Burgstaller war zu dem Zeitpunkt damit beschäftigt, seiner Karriere mit dem Winterwechsel von Cardiff City zum 1. FC Nürnberg die entscheidende Wende zu geben, die ihn Anfang 2017 zu Schalke 04 brachte und in der nächsten Saison mit Partien in der Champions League ihren vorläufigen Höhepunkt finden wird. „Ich freue mich auf alles“, sagt der 29 Jahre alte Österreicher nun dem Kicker. „Ich hoffe, dass ein dickes Ding dabei sein wird.“ Real Madrid würde wohl in diese Kategorie passen.

Burgstaller: "Es nervt mich noch immer, gute Gelegenheiten ausgelassen zu haben"

Aber auch „den FC Barcelona oder einen der Manchester-Klubs würde ich als Gegner sehr reizvoll finden“, erklärt Burgstaller, der nach neun Toren in der ersten Halbserie als elfmaliger Torschütze in der zurückliegenden Spielzeit treffsicherster Stürmer im Team von Trainer Domenico Tedesco war.

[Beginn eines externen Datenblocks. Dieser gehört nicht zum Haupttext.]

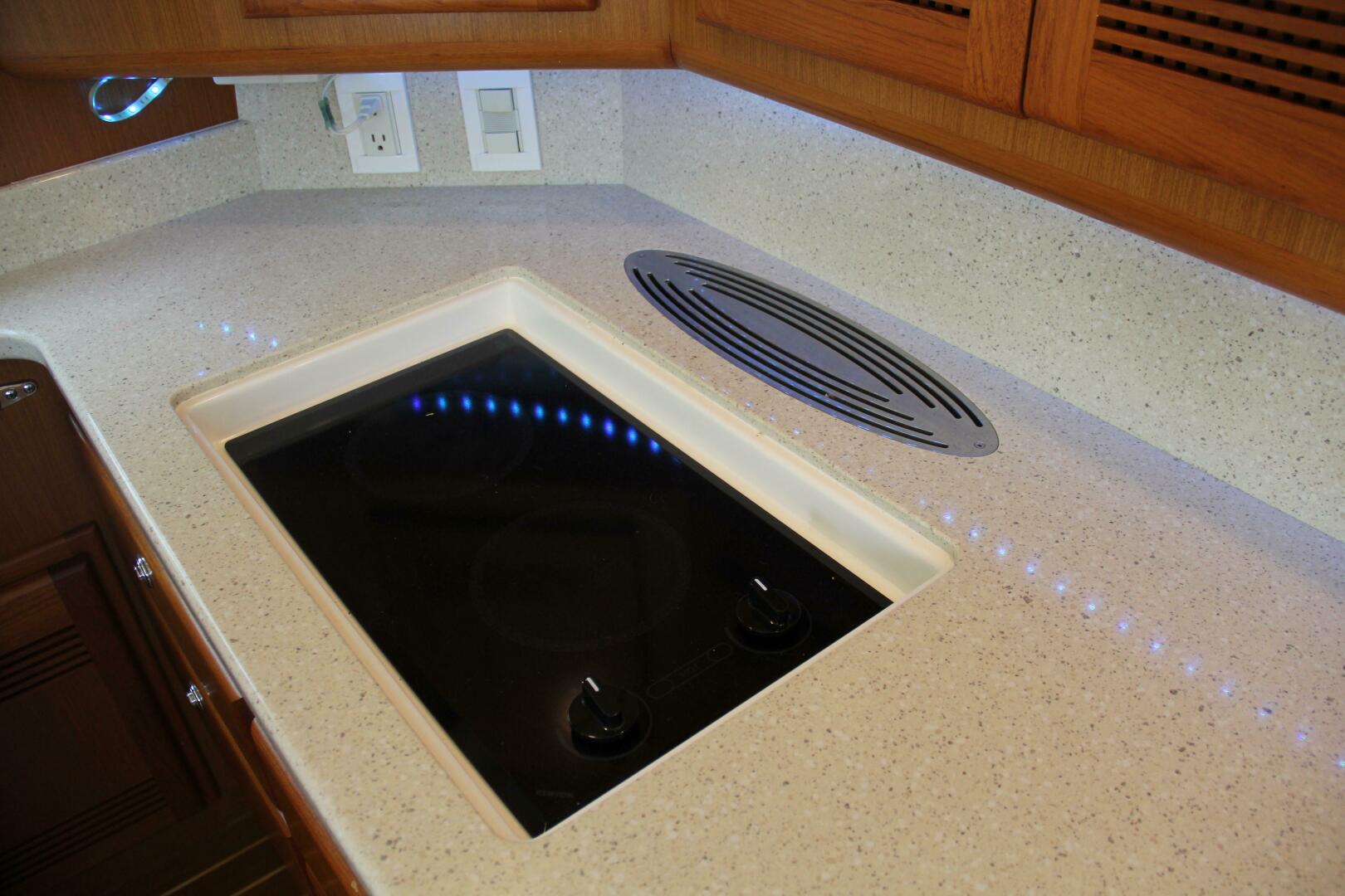 - Two-burner electric cooktop with downdraft

Nach seinem Geschmack hätten es auch ein paar Erfolgserlebnisse mehr sein können: „Ich freue mich darüber, in dieser Saison zweistellig getroffen zu haben, andererseits ärgere ich mich ein bisschen, dass es nicht noch drei, vier Tore mehr geworden sind. Ich denke dabei vor allem an die Hinrunde.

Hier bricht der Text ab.